## SUPPLIED DATA
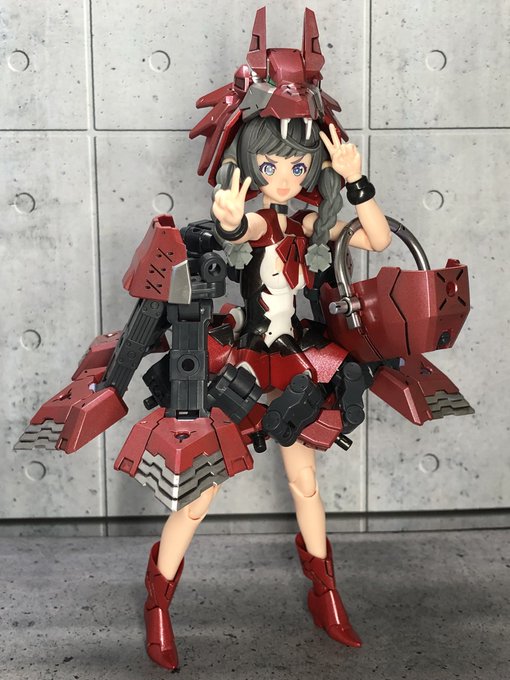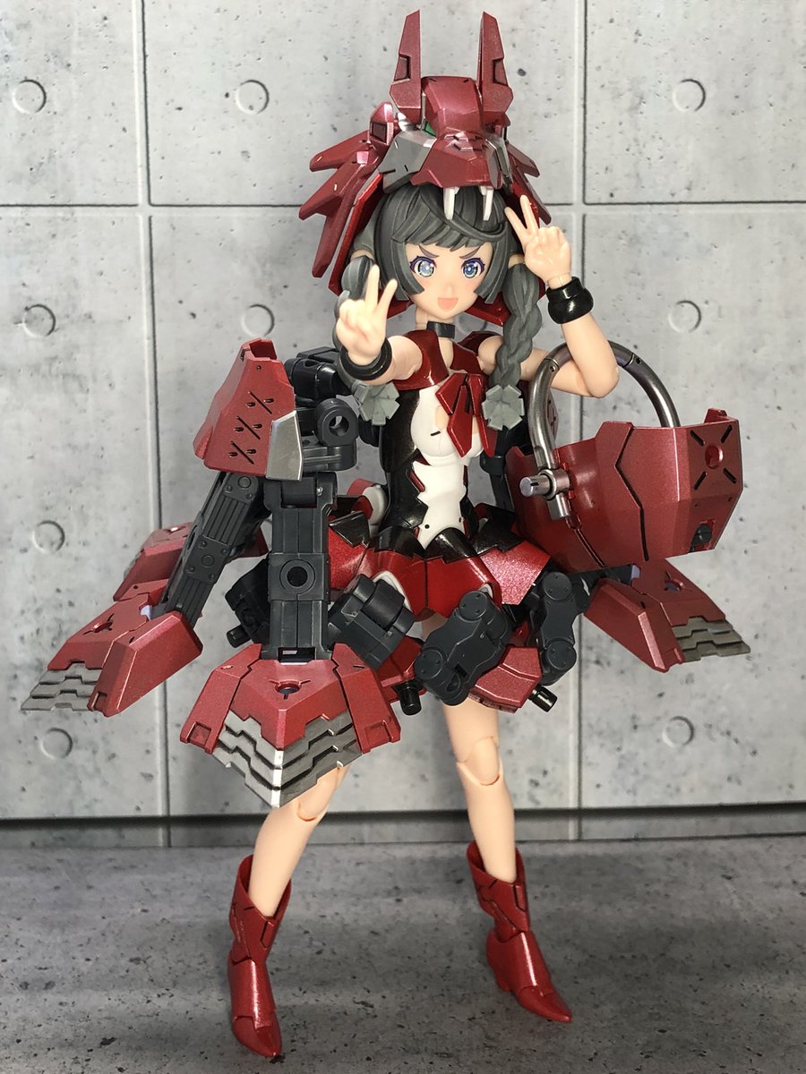メガミデバイス赤ずきん出来ました。 全塗装、と行きたかったですがPVを含むパーツをバラす程の時間が無くて一部断念。気が向いたらやります。 しかしまぁゴチャっとパーツ付け過ぎたw #kotobukiya #megamidevice #メガミデバイス #chaosandpretty #コトブキヤ #赤ずきん
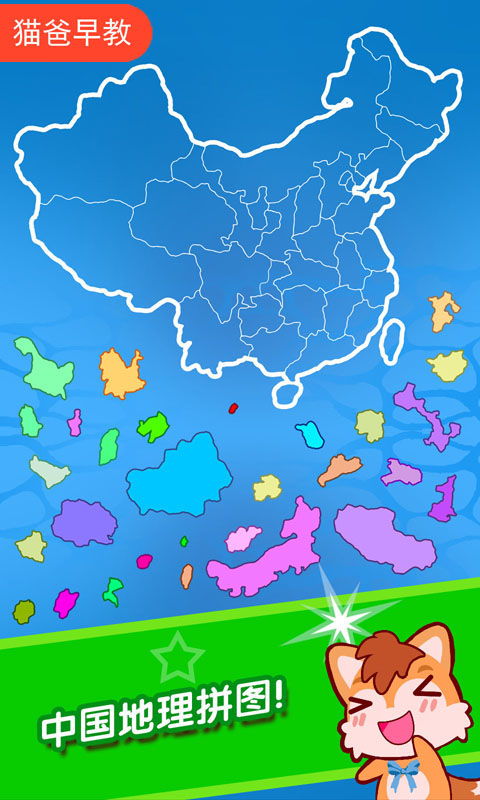 中国地图拼图,让宝宝在拼图游戏中,认识中国地理。中国省份的轮廓结合省份名称的提示音,让小朋友能够非常牢固的记住中国省份名称、轮廓和地理文字,让小朋友从小就成为地理学霸,提升自信心!
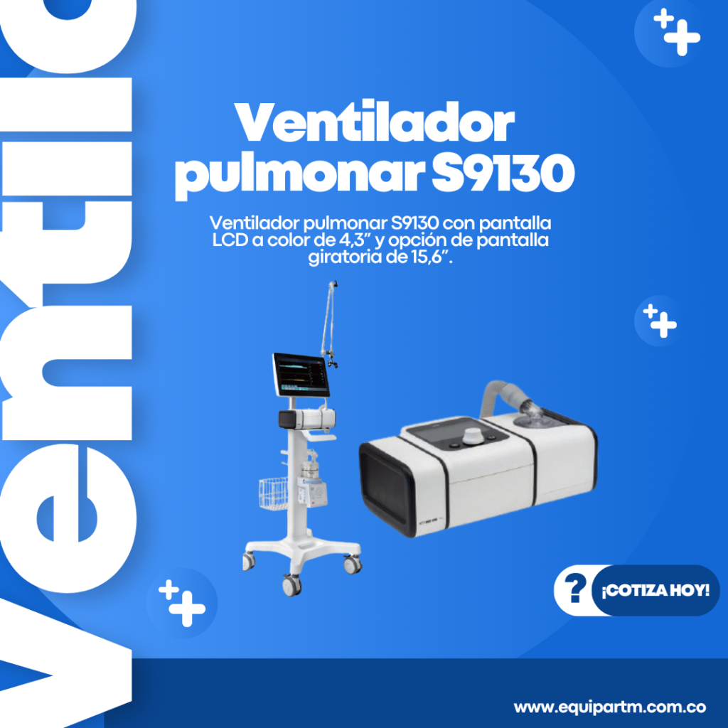 Ventilador pulmonar S9130 con pantalla LCD a color de 4,3” y opción de pantalla giratoria de 15,6”. Múltiples modos de trabajo, diseño ergonómico y silencioso, fácil manejo, batería integrada y humidificador médico para mayor confort del paciente.
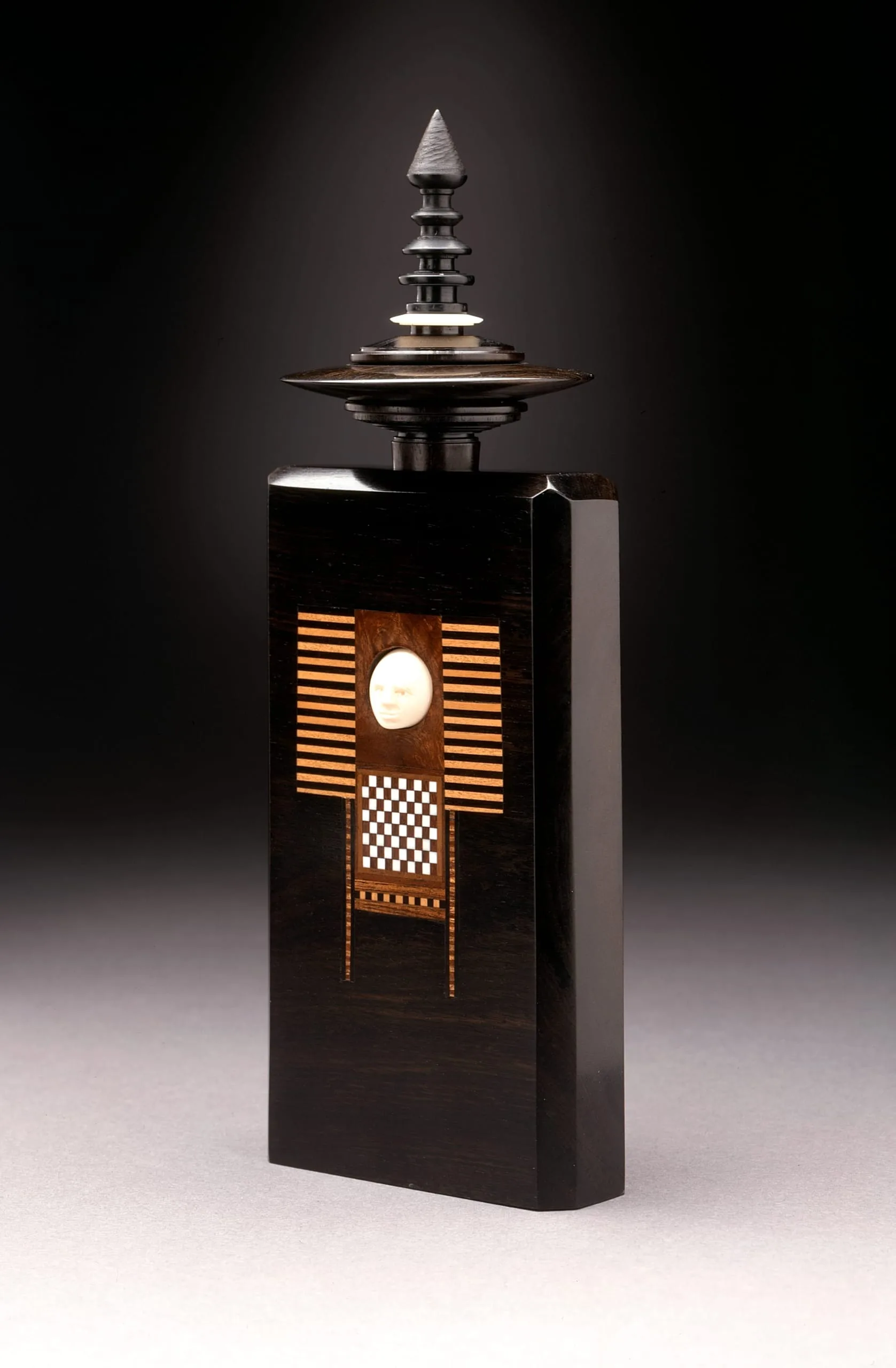 - .1) Ebony, corian, ivory (mask), inlays of various woods; .2) Maccaser ebony, ivory, inlays of various woods

## INSTRUCTIONS TO FOLLOW
Retype all of the listing word for word and skip the pictures.

## FINAL ANSWER
メガミデバイス赤ずきん出来ました。 全塗装、と行きたかったですがPVを含むパーツをバラす程の時間が無くて一部断念。気が向いたらやります。 しかしまぁゴチャっとパーツ付け過ぎたw #kotobukiya #megamidevice #メガミデバイス #chaosandpretty #コトブキヤ #赤ずきん
 中国地图拼图,让宝宝在拼图游戏中,认识中国地理。中国省份的轮廓结合省份名称的提示音,让小朋友能够非常牢固的记住中国省份名称、轮廓和地理文字,让小朋友从小就成为地理学霸,提升自信心!
 Ventilador pulmonar S9130 con pantalla LCD a color de 4,3” y opción de pantalla giratoria de 15,6”. Múltiples modos de trabajo, diseño ergonómico y silencioso, fácil manejo, batería integrada y humidificador médico para mayor confort del paciente.
 - .1) Ebony, corian, ivory (mask), inlays of various woods; .2) Maccaser ebony, ivory, inlays of various woods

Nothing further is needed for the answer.